(WHAT IS BEING ASKED): Return all the lines below exactly as written. Drop every picture.

(DATA SHOWN):
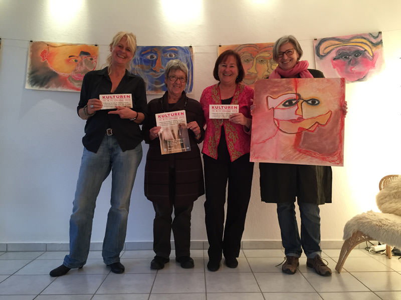 Irene Brey-Tafelmayer, Kunsttherapeutin, A.K.T. und Sylvia Regelin unterstützen die Ausstellung.
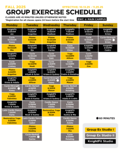You are now registered! All classes are 30-55 minutes in length unless otherwise noted. Please bring a towel and water bottle. If you make a reservation and decide you cannot make it for your workout, please cancel your reservation to open up a spot for another Knight. Cancellations must be made at least 1 hour prior to class.
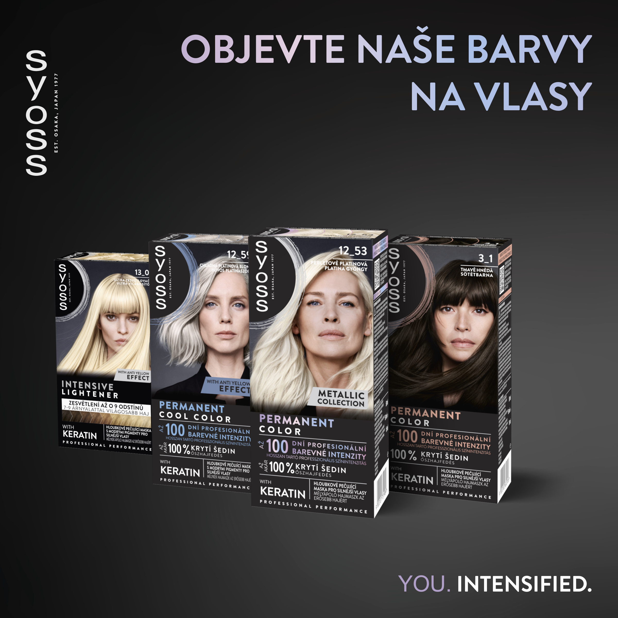 Objevte nejširší nabídku permanentních barev na vlasy Syoss s trendy odstíny přímo od kadeřníků. Pro dlouhotrvající, zářivou barvu, profesionální krytí šedin a silnější vlasy zevnitř i zvenčí. Pro optimální péči doporučujeme Syoss Color šampon a intenzivní balzám.
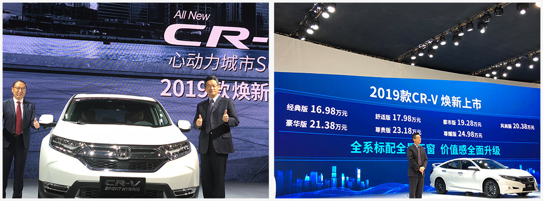 10月11日,2019款本田CR-V在武汉车展上进行年度革新款型上市,全系指导价格为16.98-27.68万元;主要在配置层面针对部分车型进行了升级,大致为1.5T入门版车型增加了全景天窗,2.0L混动版本有两款车型新增了Honda SENSING安全超感系统、且增加一款顶配的混动四驱版本。除此之外,本田官方还在现场推出一款思域的十五周年纪念版,主要在原车基础上增加原厂提供的官方套件,使得视觉效果更具运动感。

(FINAL ANSWER):
 Irene Brey-Tafelmayer, Kunsttherapeutin, A.K.T. und Sylvia Regelin unterstützen die Ausstellung.
You are now registered! All classes are 30-55 minutes in length unless otherwise noted. Please bring a towel and water bottle. If you make a reservation and decide you cannot make it for your workout, please cancel your reservation to open up a spot for another Knight. Cancellations must be made at least 1 hour prior to class.
 Objevte nejširší nabídku permanentních barev na vlasy Syoss s trendy odstíny přímo od kadeřníků. Pro dlouhotrvající, zářivou barvu, profesionální krytí šedin a silnější vlasy zevnitř i zvenčí. Pro optimální péči doporučujeme Syoss Color šampon a intenzivní balzám.
 10月11日,2019款本田CR-V在武汉车展上进行年度革新款型上市,全系指导价格为16.98-27.68万元;主要在配置层面针对部分车型进行了升级,大致为1.5T入门版车型增加了全景天窗,2.0L混动版本有两款车型新增了Honda SENSING安全超感系统、且增加一款顶配的混动四驱版本。除此之外,本田官方还在现场推出一款思域的十五周年纪念版,主要在原车基础上增加原厂提供的官方套件,使得视觉效果更具运动感。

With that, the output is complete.